- **DIRECTIONS FOR THIS TASK**
Please, in the data that follows, copy exactly the lines from the line with "SONOMA Mens Waffle" through the last one, both included. Do not include pictures.

- **SUPPLIED INFORMATION**
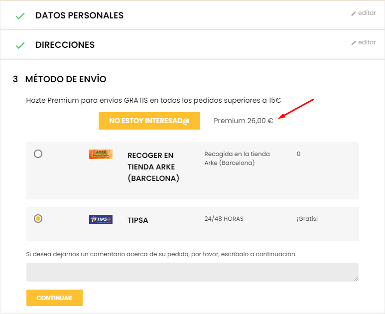 Cuando vayas a finalizar la compra, en el método de envío aparecerá la opción para unirse premium,deberás hacer click en premium y desde ese mismo pedido, dispondrás de envíos gratis durante 1 año en pedidos superiores a 15€.
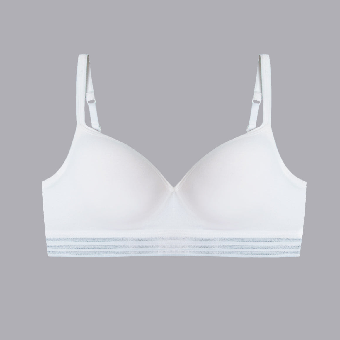 Brasier sin aros y copas juveniles prehormadas con realce (push up). banda angosta con elástico decorado en la orilla inferior para un mejor soporte. broche de dos ganchos y tres niveles de ajuste. tirantes regulables. elaborado de algodón elastano.
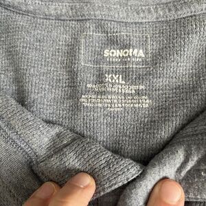 SONOMA Mens Waffle Thermal Henley Gray Long Sleeve T-SHIRT Size XXL
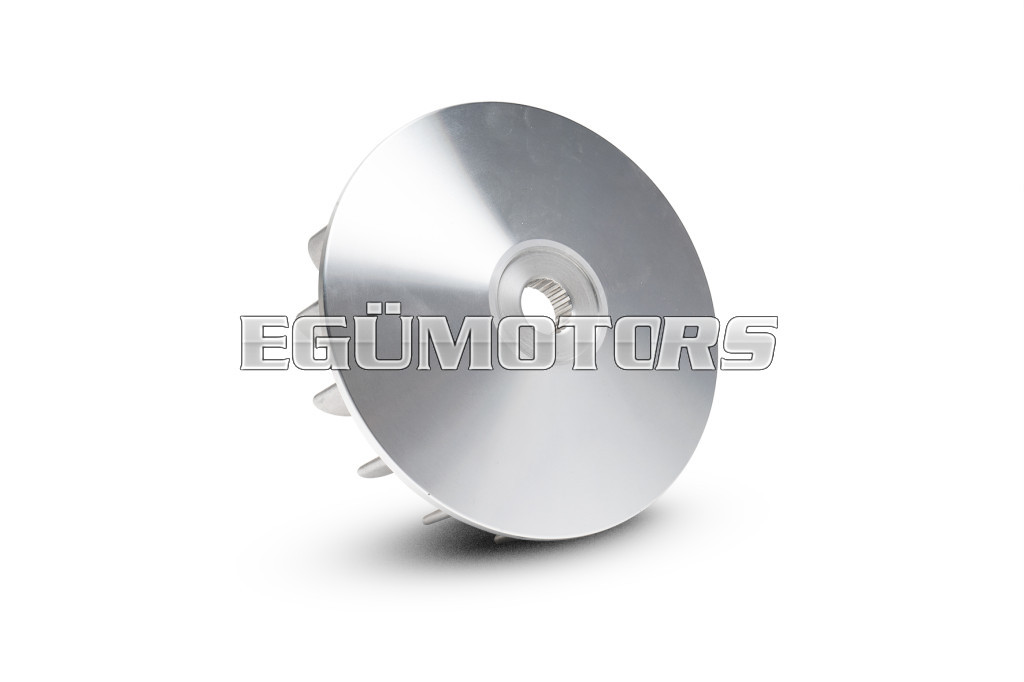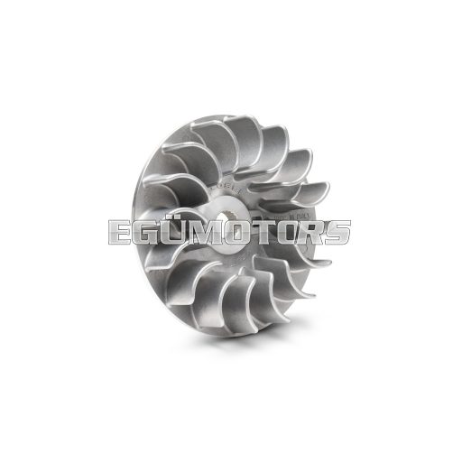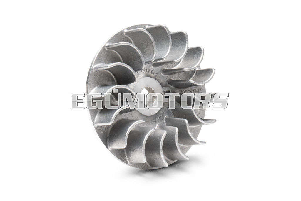 It’s a fixed half-pulley with a diamond finish of the belt-side pulley surface and a redesigned working angle to further increase the gearing range. This component completes the Multivar and renders it unparalleled. Specially designed for the line of variable-speed drives for scooters, it further improves the performance of the drive belt. It is not just a simple accessory, but a very important part for guaranteeing the long life of all the transmission components. The temperatures produced inside the crankcases where variators work with V-belts are prohibitive at critical moments and certain parts, such as transmission belts and variator rollers, sometimes suffer irreparable damage. There are cases in which the rollers could even reach the melting point. Apart from its other advantages, Ventilvar has a greater cooling capacity than the original half-pulley; that’s a result that makes it indispensable for safe and sporty driving.

- **TASK OUTPUT**
 SONOMA Mens Waffle Thermal Henley Gray Long Sleeve T-SHIRT Size XXL
 It’s a fixed half-pulley with a diamond finish of the belt-side pulley surface and a redesigned working angle to further increase the gearing range. This component completes the Multivar and renders it unparalleled. Specially designed for the line of variable-speed drives for scooters, it further improves the performance of the drive belt. It is not just a simple accessory, but a very important part for guaranteeing the long life of all the transmission components. The temperatures produced inside the crankcases where variators work with V-belts are prohibitive at critical moments and certain parts, such as transmission belts and variator rollers, sometimes suffer irreparable damage. There are cases in which the rollers could even reach the melting point. Apart from its other advantages, Ventilvar has a greater cooling capacity than the original half-pulley; that’s a result that makes it indispensable for safe and sporty driving.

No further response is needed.